##### DATA EXCERPT

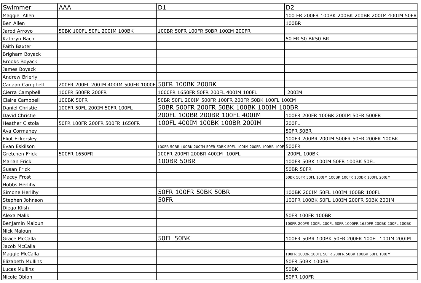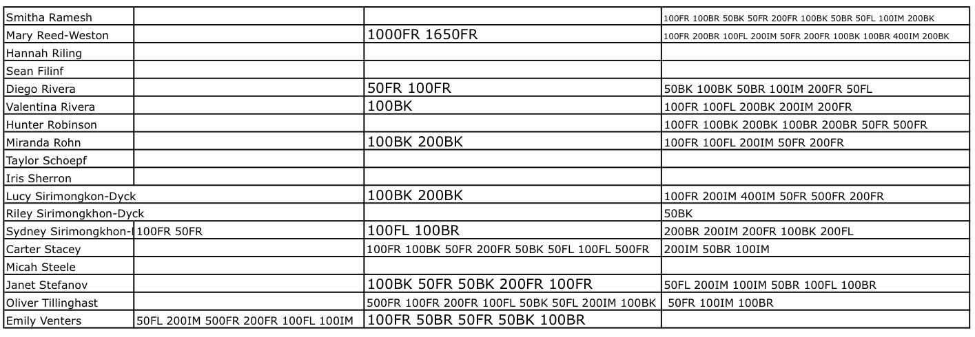 We also want to be aware of the fact that we are close to the end of the season -- our opportunities are limited so let's get to swim meets.  We want to make sure we have relays for Division 1s too.
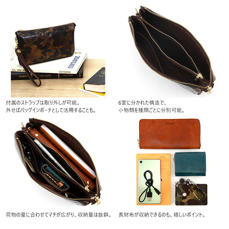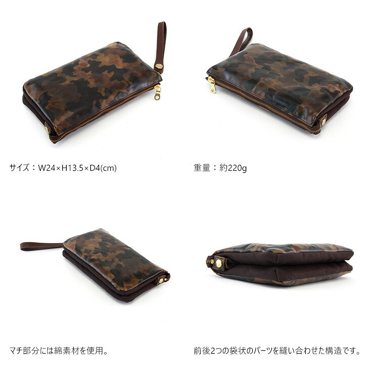 ■素材:牛革・綿/■サイズ:W24×H13.5×D4(cm)/■重量:約220g 【 クラッチバッグ / セカンドバッグ / バッグインバッグ / 牛革 / レザー / 本革 / 日本製 / 迷彩 / カモフラージュ 】 素材について 国産の牛原皮を姫路のタンナーにてAGILITY独自のオーダーで仕上げたメイドインジャパンのオリジナルレザーです。
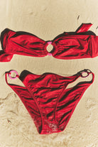 The Emma Red model has two medium circles on each side of the bottoms. This model has a lower cut bottom that flatters any body shape.
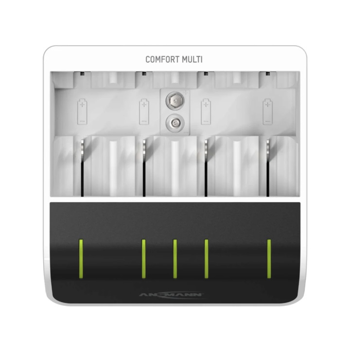 Mua tại TiktokBộ sạc pin Comfort Multi hỗ trợ USB sử dụng công nghệ sạc Perfect 7 của Ansmann Bộ sạc Comfort Multi sạc được các loại pin gồm AAA, AA, C, D và pin 9V bằng công nghệ sạc 7 bước hoàn hảo. Khi lắp pin vào, bộ sạc tự động thực hiện 7 bước trong quá trình sạc pin gồm:

##########

* _WHAT THE EXERCISE ASKS_:
Where the line containing "クラッチバッグ / セカンドバッグ" appears above, start there and set down each line exactly through the last line of the data; leave out every picture.

* _EXERCISE RESULT_:
 ■素材:牛革・綿/■サイズ:W24×H13.5×D4(cm)/■重量:約220g 【 クラッチバッグ / セカンドバッグ / バッグインバッグ / 牛革 / レザー / 本革 / 日本製 / 迷彩 / カモフラージュ 】 素材について 国産の牛原皮を姫路のタンナーにてAGILITY独自のオーダーで仕上げたメイドインジャパンのオリジナルレザーです。
 The Emma Red model has two medium circles on each side of the bottoms. This model has a lower cut bottom that flatters any body shape.
 Mua tại TiktokBộ sạc pin Comfort Multi hỗ trợ USB sử dụng công nghệ sạc Perfect 7 của Ansmann Bộ sạc Comfort Multi sạc được các loại pin gồm AAA, AA, C, D và pin 9V bằng công nghệ sạc 7 bước hoàn hảo. Khi lắp pin vào, bộ sạc tự động thực hiện 7 bước trong quá trình sạc pin gồm:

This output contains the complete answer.